*** Opening of RECORDS SHOWN ***

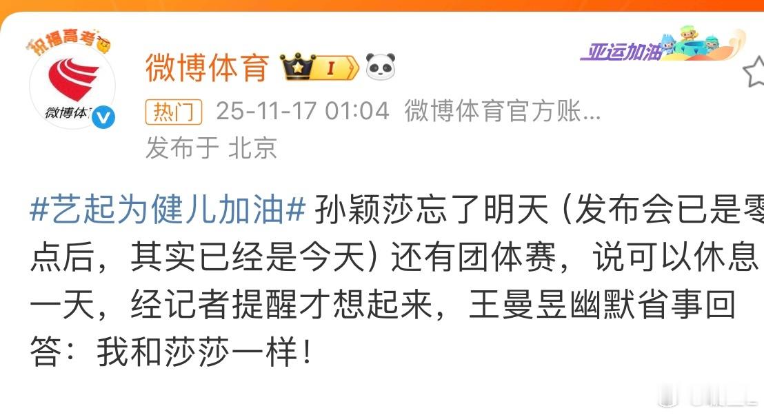 来跟我读:“轮休”凌晨一两点还在接受采访,今天还要接着上场?但凡吃点五谷杂粮都不能想出这个词条。怎么了是孙颖莎卫冕两大的冠军🏆奖杯太耀眼了让你们原地变缝纫机了?
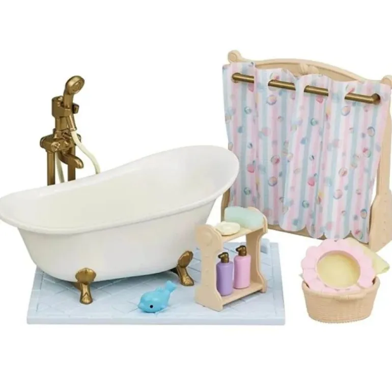 - Inneholder et detaljert badekar og dusjsett for realistisk baderomslek
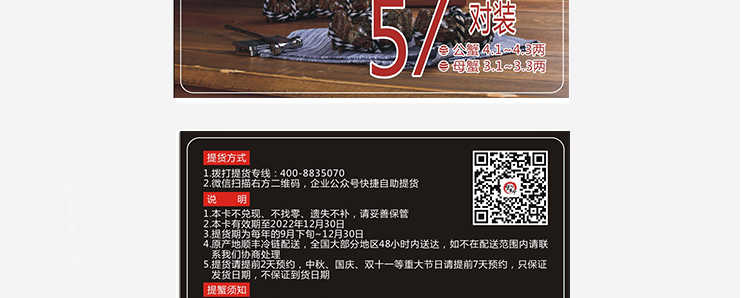 蟹王爷螃蟹精选2988型 5对十只装 大闸蟹 公蟹4.1-4.3两母蟹3.1-3.3两 【卡卷】
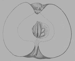 Beskrivelse af Frugten: — Størrelse og Form: stort, rundt eller fladt afstumpet kegleformet, Bugen nærmest til Stilken, lidt mere aftagende mod Bægeret, bredt afstumpet ved begge Ender, den ene Halvdel lidt stærkere udviklet. — Bæger: nærmest lukket, Bladene små, brede, korte, snævrer hurtigt ind til en kort, fin Spids, uldede, bøjer indad men formår slet ikke at dække Røret; Hulen dyb, middelvid til snæver, Ribber på Randen brede, flade, større ned over Frugten, en enkelt er altid lidt mere fremtrædende, når lige ind i Stilkhulen, Tværsnittet svagt kantet; Ribberne er ikke nær så fremtrædende som hos den forméntlige Moderfrugt. — Stilk: kort, tyk, lige, lidt dunet; Hulen middeldyb til dyb, vid med lidt tynd lysebrun Strålerust. — Hud: grønlig gul, solbeskinnede Frugter er tæt overstænkede og stribede af et smukt mørkt karmoisinrødt, Grundfarven skinner dog igennem; Punkter meget få og meget lidt synlige, fine med bred, mat, lidet kendelig Hov. Kraftig Lugt 0g svagt fedtet. — Kærnehus: løghjerteformet, Aksen kort, vid, Rum temmelig store, tilspidsede opad, svagt afrundede nedad, Vægge lidt sprængte, Kærner store, rundt ægformede, trinde, mørkebrune, to i hvert Rum; Rummene åbner sig spalteformigt. — Bægerrør: en lille, kort og bred Kegle, Tråde midtstillede, Griffel dybtkløvet, håret i Delingsstedet. —— Kødet hvidt, saftigt, af kraftig vinsyrlig Smag. — Modningstid: December—Februar ud. — Værd: meget god Husholdningsfrugt og smuk Salgsfrugt.
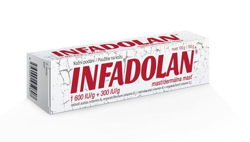 Mast se používá k léčbě suché kůže a urychluje hojení drobných neinfikovaných ran a oděrek. Lze použít na popraskanou kůži, neinfikované drobné rány a trhliny v kožních rýhách. Promašťuje suchou pokožku u chronických ekzémů. Infadolan je vhodný k ošetření popálenin I. stupně či kůže pacientů s atopickou dermatitidou. Pomáhá předcházet opruzení u dětí a dospělých. Promašťuje a urychluje obnovu pokožky. Mast Infadolan je určena pro dospělé, dospívající i děti od novorozeneckého věku. Složení: V jednom gramu masti: retinoli acetas (vitamin A) 1 600 m.j. (1,0665 mg) a ergocalciferolum (vitamin D2) 300 m.j. (0,0075mg). Pomocné látky (masťový základ) jsou bílý vosk, tuk z ovčí vlny (lanolin), bílá vazelína. Dávkování: Dospělým i dětem se Infadolan nanáší v tenké vrstvě 1-3krát denně na postižená místa, či na suchou kůži. Délka léčby by bez porady s lékařem neměla přesáhnout 2 týdny. Upozornění: Přípravek obsahuje tuk z ovčí vlny. Může způsobit místní kožní reakce (např. kontaktní dermatitidu). Pokud jste těhotná nebo kojíte, poraďte se se svým lékařem nebo lékárníkem dříve, než začnete tento přípravek používat. Infadolan lze používat v těhotenství a v období kojení. LÉČIVÝ PŘÍPRAVEK, ČTĚTE POZORNĚ PŘÍBALOVÝ LETÁK.
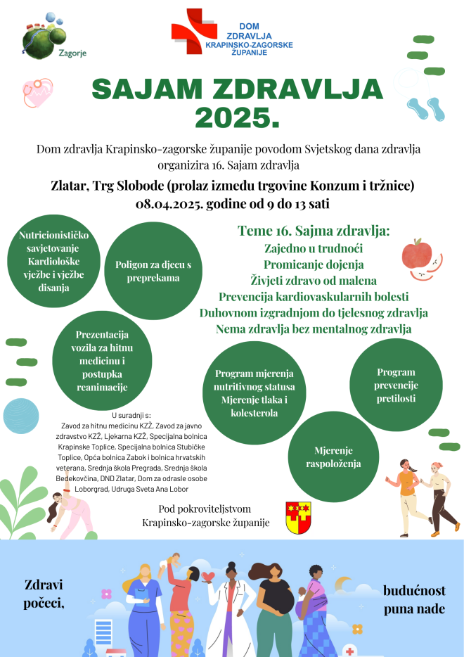 Dom zdravlja Krapinsko-zagorske županije povodom Svjetskog dana zdravlja organizira tradicionalni Sajam zdravlja koji će se održati u utorak, 08.04.2025. na Trgu slobode u Zlataru.
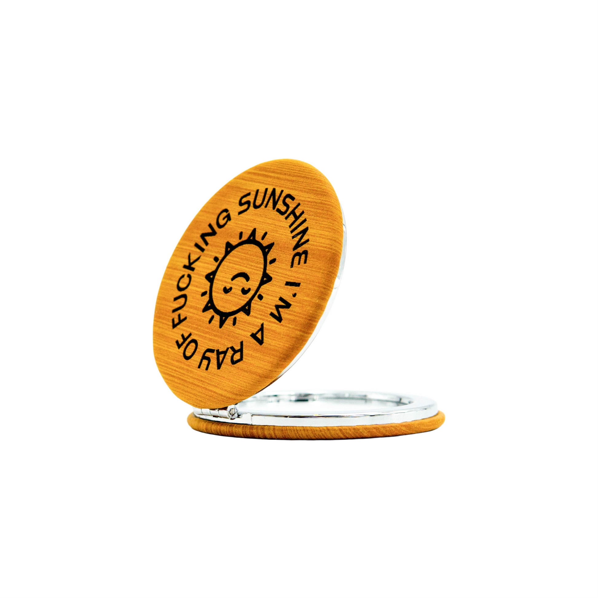 "I'm a Ray of Fucking Sunshine". Check your gorgeous, sunny self out in these adorable, fun, vegan leather pocket mirrors. They fit perfectly in your pocket, purse, and Christmas Stocking!

*** Close of RECORDS SHOWN ***

What's needed is an exact copy of the lines above from the one with "- Inneholder et" through the one with "蟹王爷螃蟹精选2988型 5对十只装 大闸蟹", both included; the pictures stay out.

# [EXPECTED ANSWER]
 - Inneholder et detaljert badekar og dusjsett for realistisk baderomslek
 蟹王爷螃蟹精选2988型 5对十只装 大闸蟹 公蟹4.1-4.3两母蟹3.1-3.3两 【卡卷】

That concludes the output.